== RECORDS FOR THIS TASK

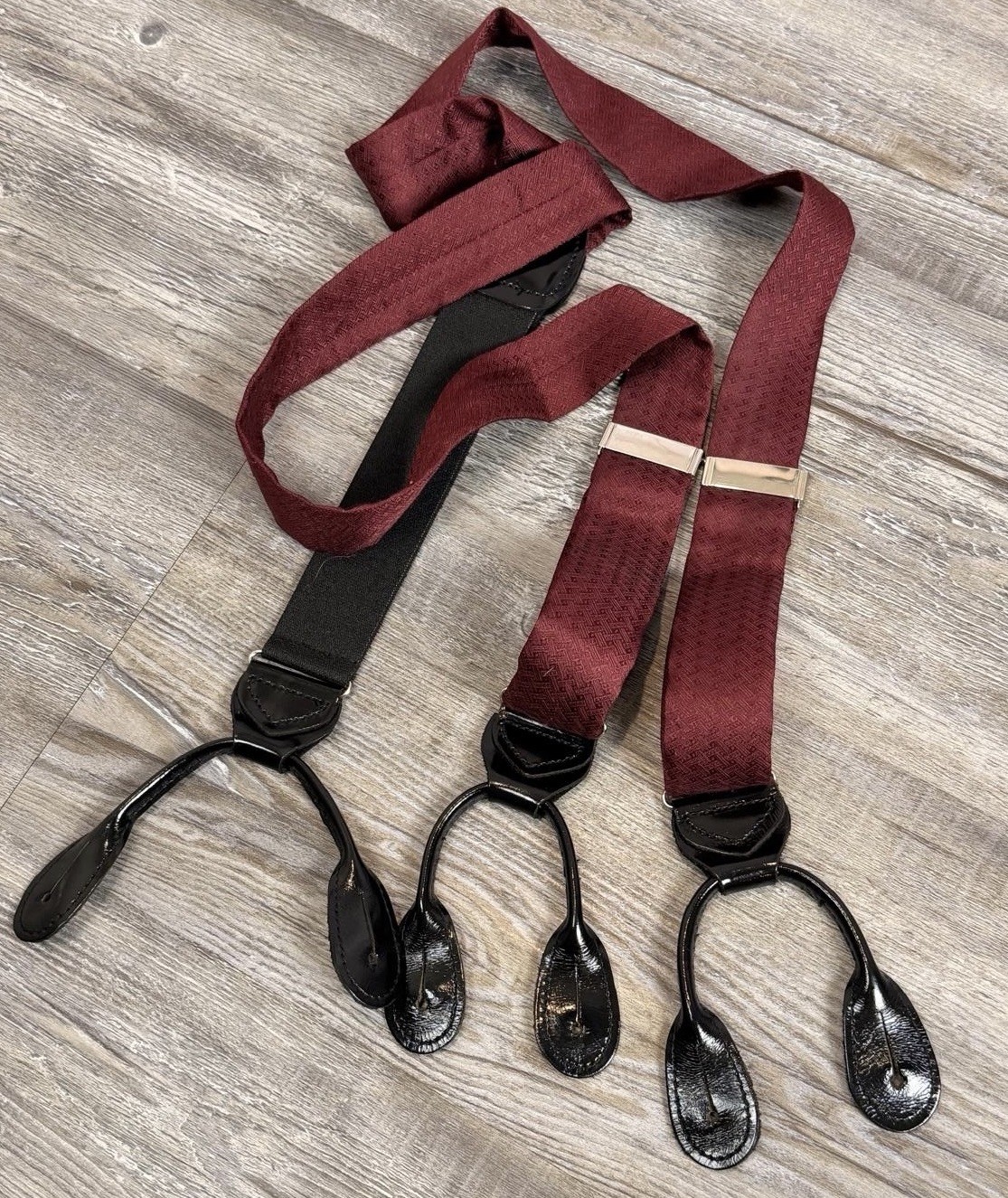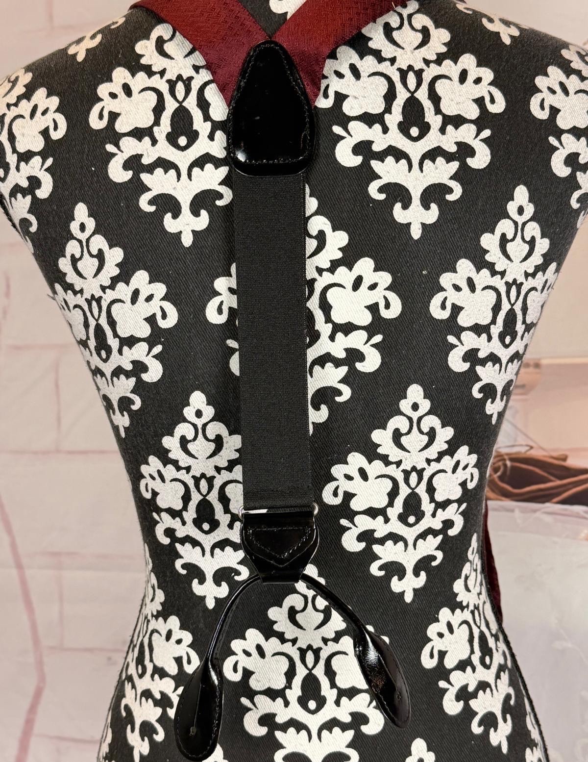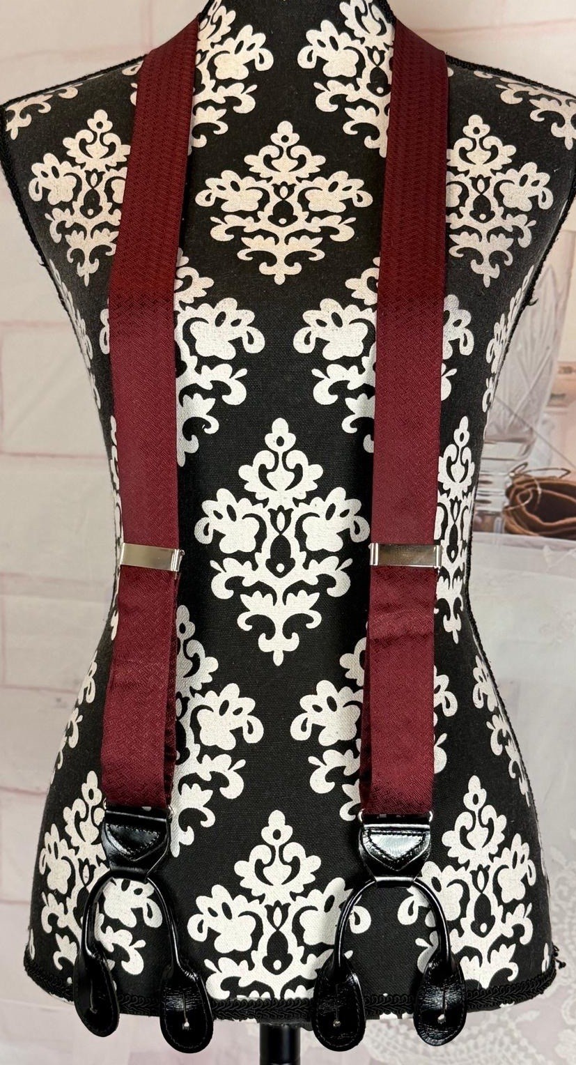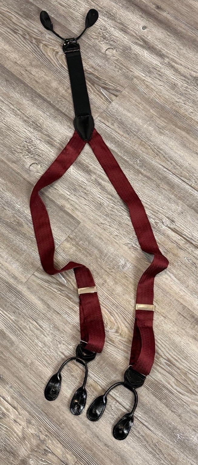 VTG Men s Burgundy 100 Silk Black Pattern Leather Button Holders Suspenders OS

====
== RECORDS FOR THIS TASK

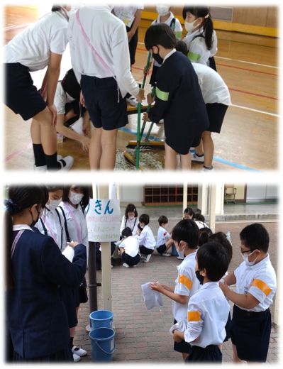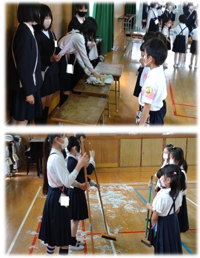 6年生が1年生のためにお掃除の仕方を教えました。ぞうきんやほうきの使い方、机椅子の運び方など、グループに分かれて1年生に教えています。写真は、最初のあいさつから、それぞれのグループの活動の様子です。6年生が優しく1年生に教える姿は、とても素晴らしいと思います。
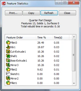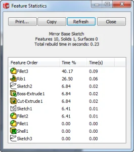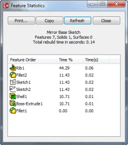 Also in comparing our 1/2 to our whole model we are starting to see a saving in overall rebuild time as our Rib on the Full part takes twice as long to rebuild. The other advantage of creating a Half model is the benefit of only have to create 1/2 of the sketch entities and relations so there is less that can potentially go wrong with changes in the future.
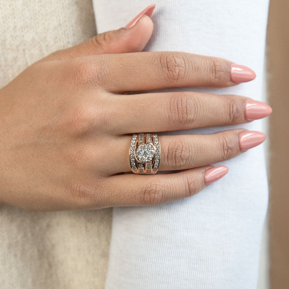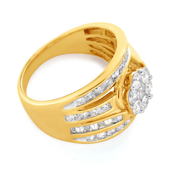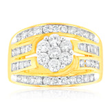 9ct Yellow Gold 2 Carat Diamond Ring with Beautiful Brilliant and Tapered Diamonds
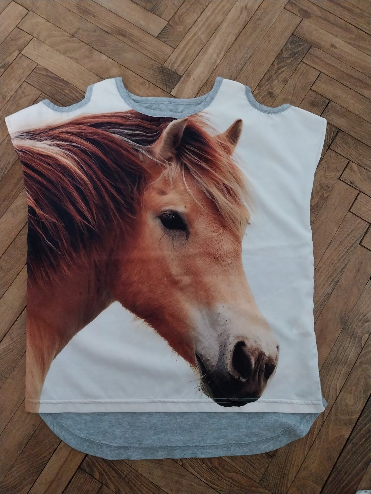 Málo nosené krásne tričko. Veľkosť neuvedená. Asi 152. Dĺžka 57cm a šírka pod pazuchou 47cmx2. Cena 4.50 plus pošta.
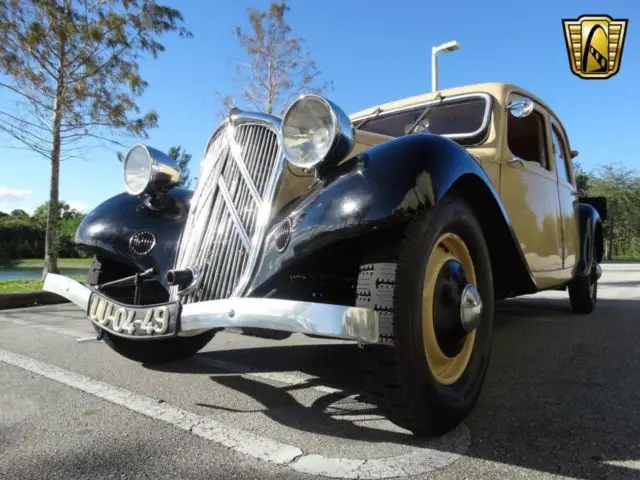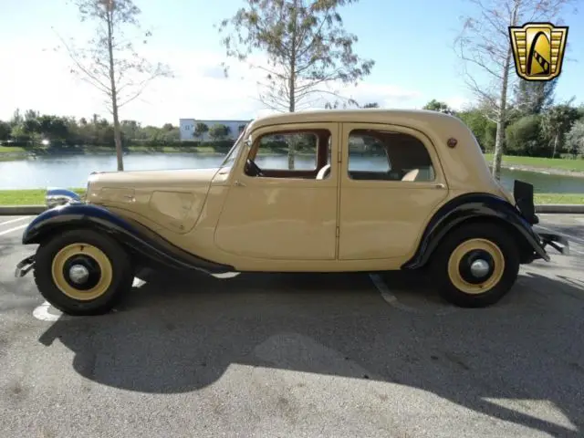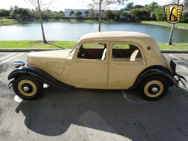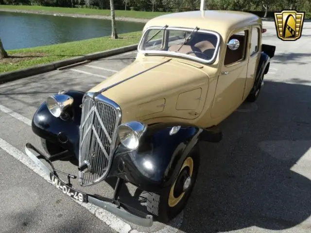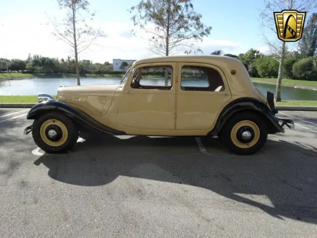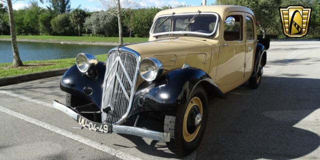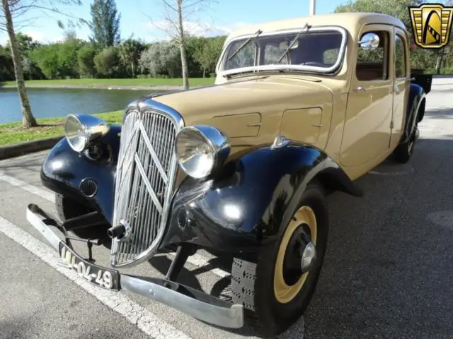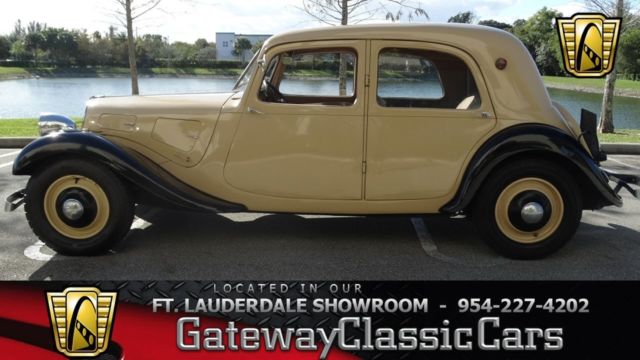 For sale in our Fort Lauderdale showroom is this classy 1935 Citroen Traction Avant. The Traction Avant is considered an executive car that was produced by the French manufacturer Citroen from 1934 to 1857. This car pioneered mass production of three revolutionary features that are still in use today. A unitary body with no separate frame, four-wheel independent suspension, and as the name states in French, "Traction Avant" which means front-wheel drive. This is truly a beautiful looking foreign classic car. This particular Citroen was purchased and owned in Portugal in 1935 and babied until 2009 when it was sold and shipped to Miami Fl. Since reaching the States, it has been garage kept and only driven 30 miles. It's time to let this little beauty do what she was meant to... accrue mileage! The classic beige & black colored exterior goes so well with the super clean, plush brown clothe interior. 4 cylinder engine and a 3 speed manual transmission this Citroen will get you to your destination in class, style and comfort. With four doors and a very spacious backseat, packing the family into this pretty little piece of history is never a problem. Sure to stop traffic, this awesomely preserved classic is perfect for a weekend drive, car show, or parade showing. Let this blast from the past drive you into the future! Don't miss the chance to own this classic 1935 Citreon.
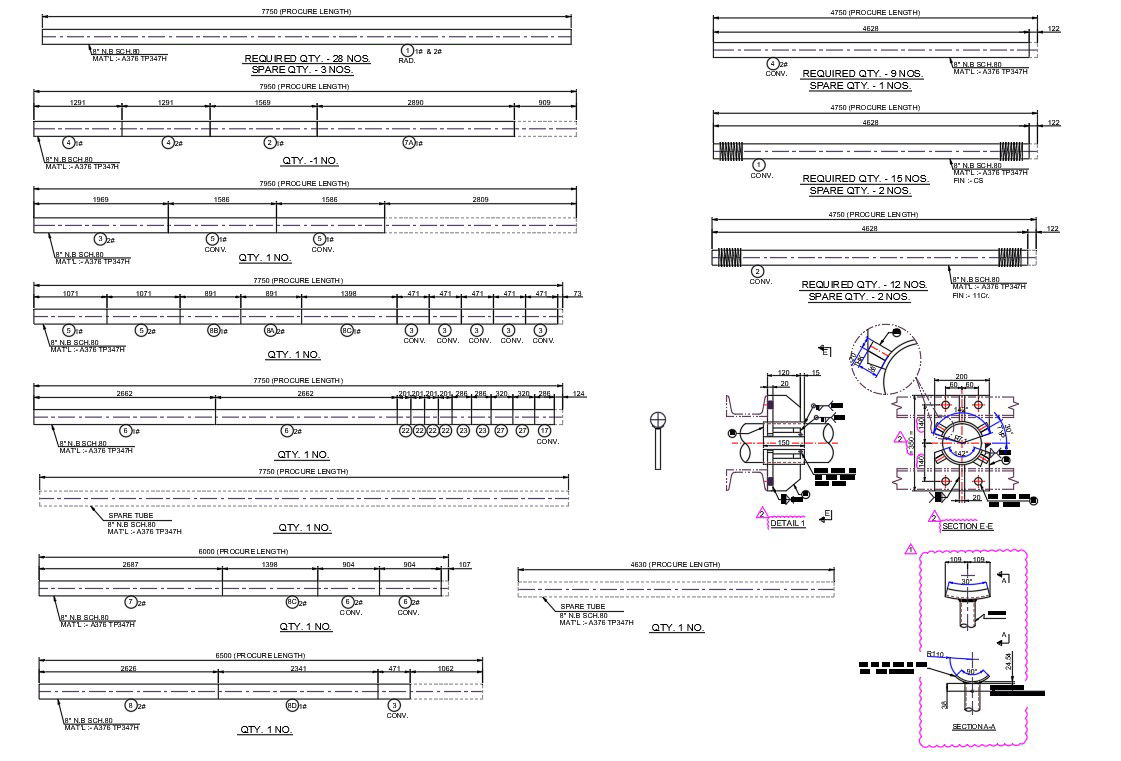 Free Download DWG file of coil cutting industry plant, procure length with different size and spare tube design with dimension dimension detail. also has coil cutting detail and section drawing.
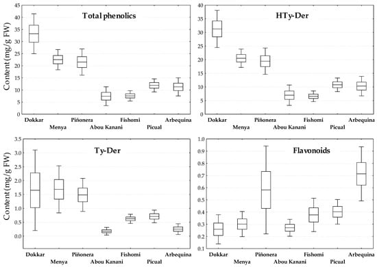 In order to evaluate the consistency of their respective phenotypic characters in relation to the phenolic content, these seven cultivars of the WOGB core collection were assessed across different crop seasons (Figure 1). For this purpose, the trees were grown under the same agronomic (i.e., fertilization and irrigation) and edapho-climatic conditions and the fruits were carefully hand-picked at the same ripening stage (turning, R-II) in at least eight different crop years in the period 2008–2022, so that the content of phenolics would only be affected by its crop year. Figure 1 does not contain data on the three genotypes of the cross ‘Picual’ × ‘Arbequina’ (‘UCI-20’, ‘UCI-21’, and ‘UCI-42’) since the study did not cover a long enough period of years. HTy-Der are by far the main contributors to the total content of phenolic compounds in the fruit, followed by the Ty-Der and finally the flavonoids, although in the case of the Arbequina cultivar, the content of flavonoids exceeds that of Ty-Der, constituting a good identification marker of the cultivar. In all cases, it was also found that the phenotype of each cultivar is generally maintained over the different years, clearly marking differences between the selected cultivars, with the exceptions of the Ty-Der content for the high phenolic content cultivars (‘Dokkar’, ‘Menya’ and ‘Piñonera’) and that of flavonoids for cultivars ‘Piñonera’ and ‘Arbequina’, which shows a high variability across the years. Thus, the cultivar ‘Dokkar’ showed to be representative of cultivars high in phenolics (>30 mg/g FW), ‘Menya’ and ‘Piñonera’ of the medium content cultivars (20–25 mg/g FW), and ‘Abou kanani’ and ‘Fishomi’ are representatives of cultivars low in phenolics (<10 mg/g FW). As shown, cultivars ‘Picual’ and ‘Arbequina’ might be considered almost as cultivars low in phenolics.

====

TASK
In the listing above, find the line containing "Also in comparing" and the line containing "Free Download DWG", then output those two lines and everything between them exactly as written, without the images.

EXERCISE SOLUTION
 Also in comparing our 1/2 to our whole model we are starting to see a saving in overall rebuild time as our Rib on the Full part takes twice as long to rebuild. The other advantage of creating a Half model is the benefit of only have to create 1/2 of the sketch entities and relations so there is less that can potentially go wrong with changes in the future.
 9ct Yellow Gold 2 Carat Diamond Ring with Beautiful Brilliant and Tapered Diamonds
 Málo nosené krásne tričko. Veľkosť neuvedená. Asi 152. Dĺžka 57cm a šírka pod pazuchou 47cmx2. Cena 4.50 plus pošta.
 For sale in our Fort Lauderdale showroom is this classy 1935 Citroen Traction Avant. The Traction Avant is considered an executive car that was produced by the French manufacturer Citroen from 1934 to 1857. This car pioneered mass production of three revolutionary features that are still in use today. A unitary body with no separate frame, four-wheel independent suspension, and as the name states in French, "Traction Avant" which means front-wheel drive. This is truly a beautiful looking foreign classic car. This particular Citroen was purchased and owned in Portugal in 1935 and babied until 2009 when it was sold and shipped to Miami Fl. Since reaching the States, it has been garage kept and only driven 30 miles. It's time to let this little beauty do what she was meant to... accrue mileage! The classic beige & black colored exterior goes so well with the super clean, plush brown clothe interior. 4 cylinder engine and a 3 speed manual transmission this Citroen will get you to your destination in class, style and comfort. With four doors and a very spacious backseat, packing the family into this pretty little piece of history is never a problem. Sure to stop traffic, this awesomely preserved classic is perfect for a weekend drive, car show, or parade showing. Let this blast from the past drive you into the future! Don't miss the chance to own this classic 1935 Citreon.
 Free Download DWG file of coil cutting industry plant, procure length with different size and spare tube design with dimension dimension detail. also has coil cutting detail and section drawing.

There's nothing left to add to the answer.